IE 11 is not supported. For an optimal experience visit our site on another browser.

A political hurricane is gathering force

For years the Pentagon’s standing readiness plans required the country to be able to fight two major wars simultaneously. But no one anticipated what we face now: a war in Mesopotamia and another along the Mississippi.

For years the Pentagon’s standing readiness plans required the country to be able to fight two major wars simultaneously. But no one anticipated what we face now: a war in Mesopotamia and another along the Mississippi.

We have journalist Malcolm Gladwell to thank for the idea that every social phenomenon has a dramatic “tipping point.” It doesn’t always work that way. And yet Hurricane Katrina is just such a moment. We are a big, strong country — and New Orleans will, somehow, survive — but you do get the sense, as President Bush finally arrived here after a month-long vacation, that a political hurricane is gathering force, and it’s going to hit the capital any day.

As we approach the fourth anniversary of 9/11, Americans are facing a different anguish from a different, but no less iconic city. New Yorkers, on behalf of the rest of us, absorbed Al Qaeda’s attack and came back stronger than ever. We begin the fifth year of a “war against terror” that has brought some gains, but has cost 2,000 lives and half a trillion dollars — and there is no end in sight.

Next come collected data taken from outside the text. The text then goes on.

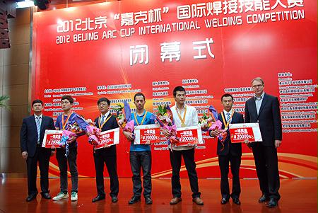 按照賽程安排,經過(guo)3天(tian)的(de)激烈的(de)角逐,中(zhong)(zhong)國(guo)石(shi)油天(tian)然(ran)氣集(ji)(ji)團(tuan)(tuan)公(gong)司(si)侯立民、中(zhong)(zhong)國(guo)船(chuan)舶工(gong)(gong)業集(ji)(ji)團(tuan)(tuan)公(gong)司(si)陳宜峰、中(zhong)(zhong)國(guo)能源建設集(ji)(ji)團(tuan)(tuan)有限公(gong)司(si)劉仔才、中(zhong)(zhong)國(guo)石(shi)油天(tian)然(ran)氣集(ji)(ji)團(tuan)(tuan)公(gong)司(si)馬興(xing)國(guo)、中(zhong)(zhong)國(guo)南車集(ji)(ji)團(tuan)(tuan)公(gong)司(si)朱獻(xian)分(fen)別(bie)獲(huo)得(de)手工(gong)(gong)焊(han)(han)條電弧(hu)焊(han)(han)、MIG&MAG焊(han)(han)、鎢(wu)極氬弧(hu)焊(han)(han)、氧—乙炔氣焊(han)(han)、機器人焊(han)(han)項(xiang)目第1名。根據(ju)《中(zhong)(zhong)央企業職工(gong)(gong)技(ji)能競賽管理辦法(fa)》和大(da)賽文件規(gui)定,各項(xiang)比賽前3名的(de)中(zhong)(zhong)央企業選手,由國(guo)資委(wei)授予中(zhong)(zhong)央企業技(ji)術能手稱號。
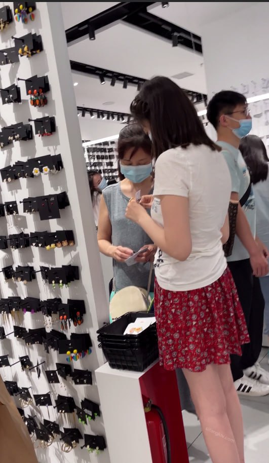 饰品店刚成年小妹妹挑耳环,短裙宽松内裤侧边全露被低角度抄底
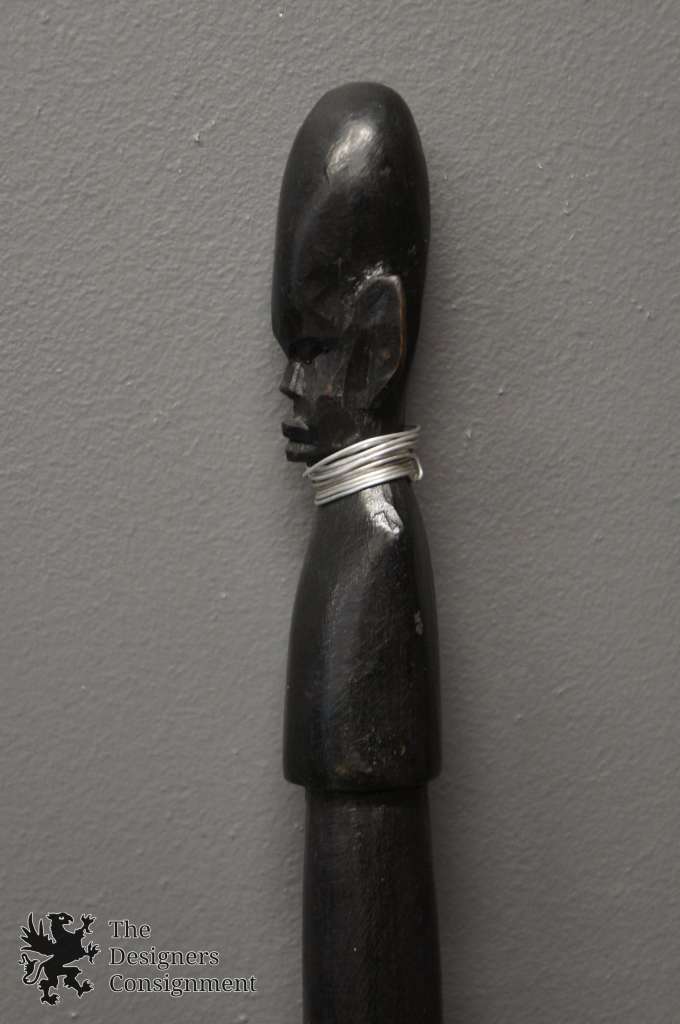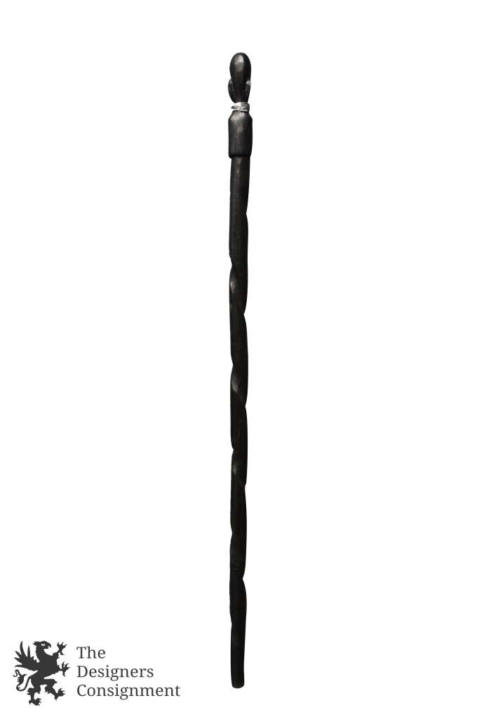 Vintage Ebony Carved African Figural Knob Spiral Wooden Cane Walking Stick
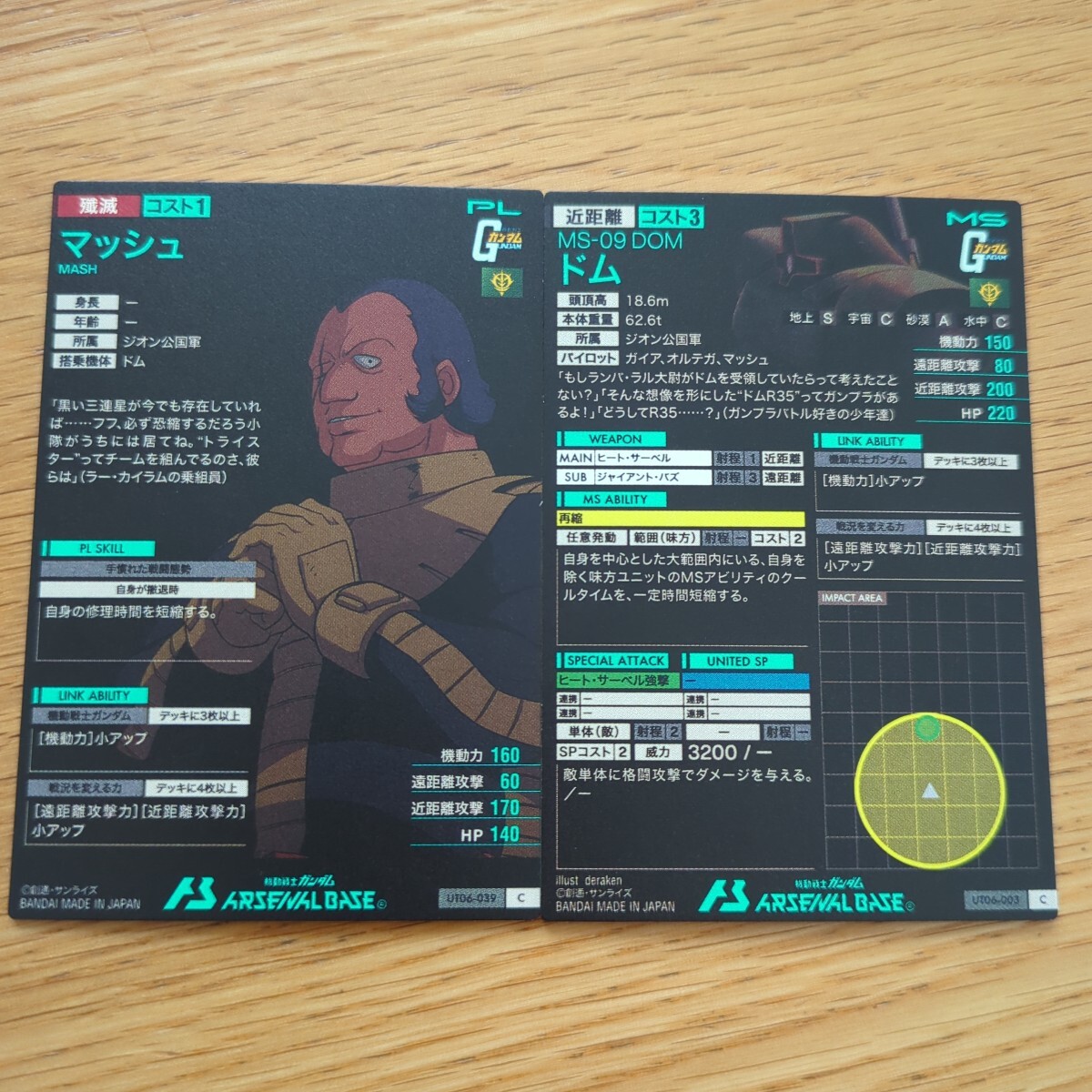 機動戦士ガンダム アーセナルベース カード マッシュ UT06-038 ドム UT06-003 黒い三連星
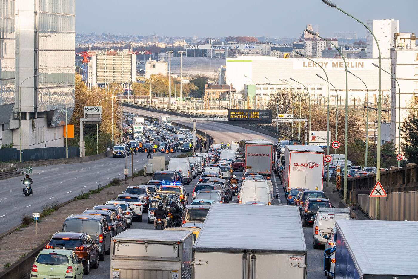 For this wave's last action, Derniere renovation blockades the Paris ring road.
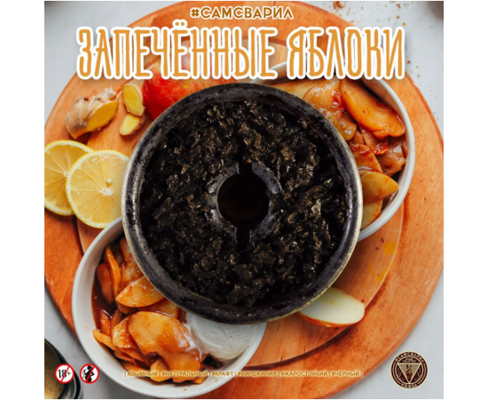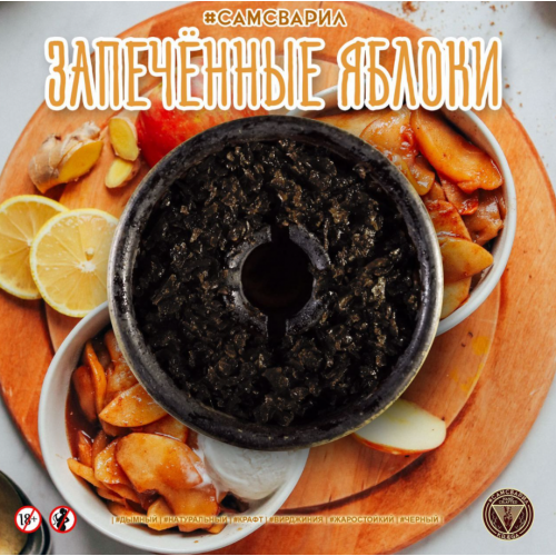 Тютюн Сам Зварив Запечене Яблуко 100 гр. Ідеальне частування, запечене яблуко добре поєднується із прянощами. Сам Сварил належить до крафтових заправок для кальяну. Має високу жаростійкість, має солодкий смак завдяки виготовленню з добірного тютюнового листя сорту Virginia Gold. Готова суміш має чорний колір, що не властиве тютюнових листів цього сорту. До складу продукту також входять ароматизатори українського та німецького виробництва. В упаковці знаходиться невелика кількість сиропу, міцність суміші середня.
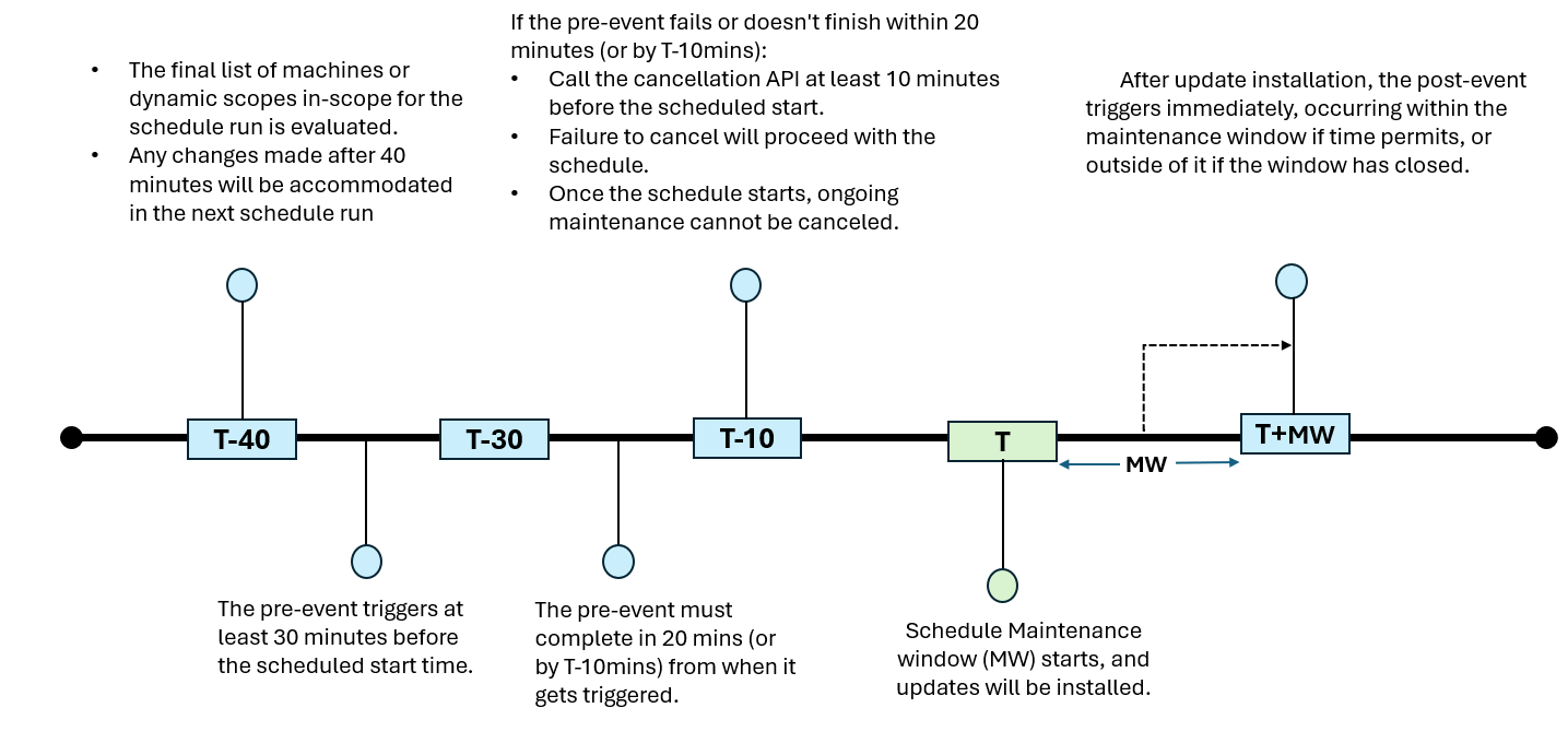在 Azure 更新管理器中,前置事件在维护时段外运行,后置事件可能在维护时段外运行。 你必须计划在计算机上完成计划执行所需的此额外时间。
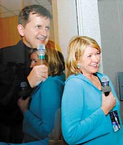 美國(guó)“家政女王”瑪莎`·斯圖爾特6日抵達(dá)哈薩克斯坦拜科努爾發(fā)射場(chǎng),探望希莫尼,這引起人們對(duì)兩人親密關(guān)系的眾多猜測(cè)。 為迎接即將到來(lái)的太空旅行,希莫尼和同行宇航員必須與他人隔離。因此,希莫尼隔著玻璃窗與斯圖爾特竊竊私語(yǔ),依依惜別。斯圖爾特仍通過(guò)話筒傳達(dá)對(duì)希莫尼的鼓勵(lì):“你看起來(lái)很好!每個(gè)人都說(shuō)你狀態(tài)不錯(cuò)!” 也許是由于情緒激動(dòng),希莫尼握著話筒的手不停地顫抖著,他還安慰斯圖爾特,說(shuō)自己一點(diǎn)都不緊張。他說(shuō):“我昨晚睡得非常好,我相信今晚也會(huì)睡得不錯(cuò)!
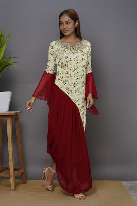 Placement floral print on the bodice, Asymmetric cowl drape hemline, Elongated bell sleeves
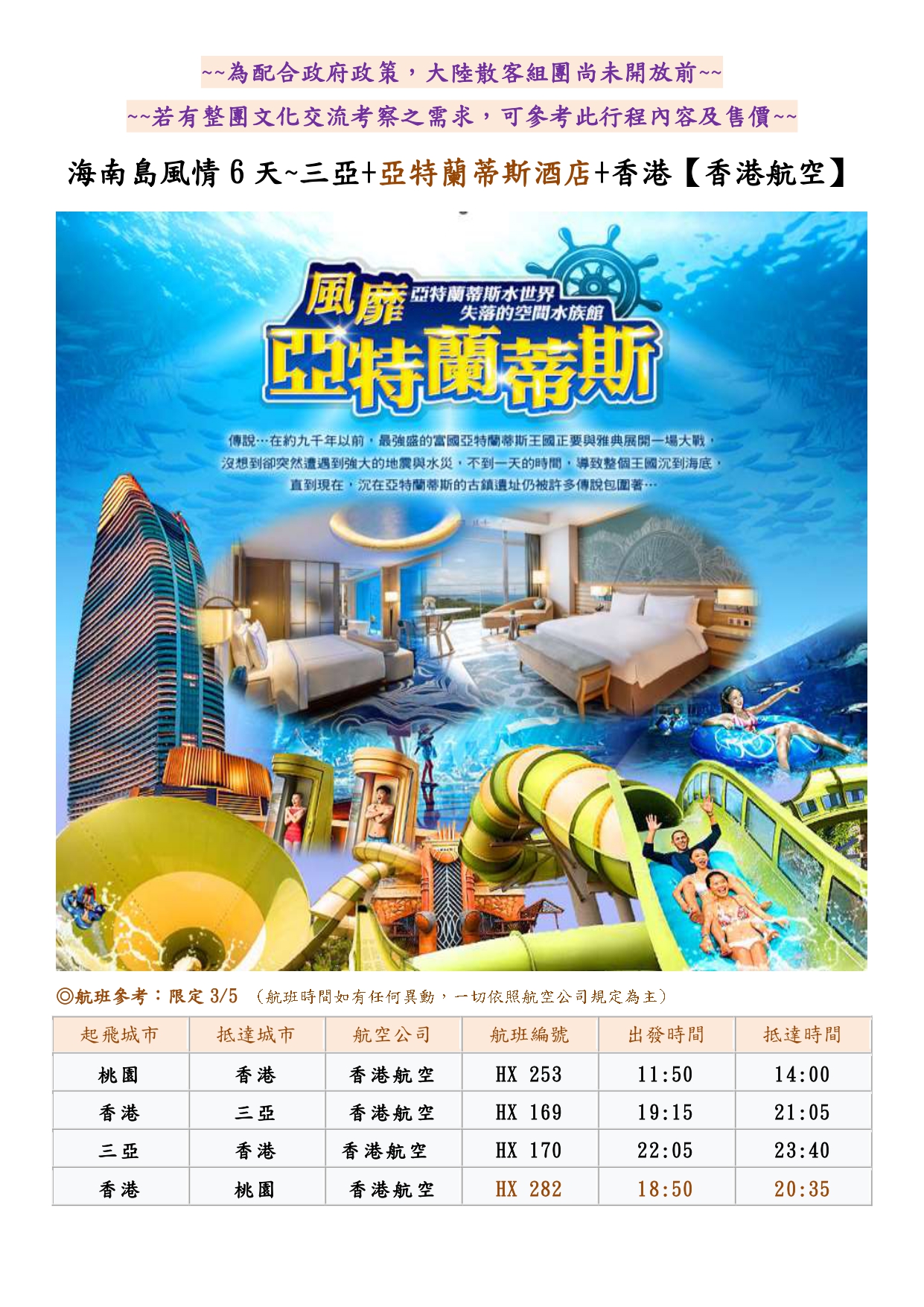 海南島風情6天~三亞.亞特蘭蒂斯(1)

And now: the Storm and the Flood, which have inundated the Gulf Coast in deadly water. This is, literally, an invasion of the homeland, and it will require a war-like response from a nation and a military already stretched thin. National Guard officials insist that they have enough men and women on hand to do the job, but common sense tells you that they could use the others stationed abroad. The U.S. Navy is dispatching supply ships to the region, but battling the waters that cover the region will require many more resources.

Andy Jackson won the Battle of New Orleans. Will George Bush? His poll numbers already at near-record low levels, he will have to oversee the rescue of the Gulf in the midst of a changing climate in Washington. The public’s sense of where America is headed — the “right direction/wrong track” numbers — are dismal. Gas prices are high and unsettling. Congressional Democrats, reluctant since 9/11 to take on a “war president,” finally have decided to do so. And Republicans, knowing that they’ll be facing the voters a year from now, are beginning to seek ways to distance themselves from him.

This president doesn’t need Karl Rove to explain the political importance of disaster relief. It’s something Bush responds to naturally, and he knows the risks of seeming to be an insensitive, to-the-manor-born president. When hurricanes hit Florida before the last election, he and his brother, Jeb, were on the case, Big Time. Now three Red States are hit, hard, and the challenge is likely to be much greater.

Meanwhile, he will have to preside over yet another 9/11 anniversary, this one coming at a time when most Americans have decided that the war in Iraq shouldn’t have been fought and that it hasn’t made us safer at home. Bush will face calls not only for the release of more oil from the Strategic Petroleum Reserve, but for a wholesale consideration of his energy and environmental policies.

And just after Labor Day, hearings will start in the Judiciary Committee on the nomination of Judge John G. Roberts, Jr.  Expect the Democrats to drop their caution and go after him with all they’ve got. They’re coming to the conclusion that they have nothing to lose, and they are being pushed in that combative direction by a grassroots base furious at the congressional party for not having taken a tougher line against the president months if not years ago.

But now they sense blood in the rising water.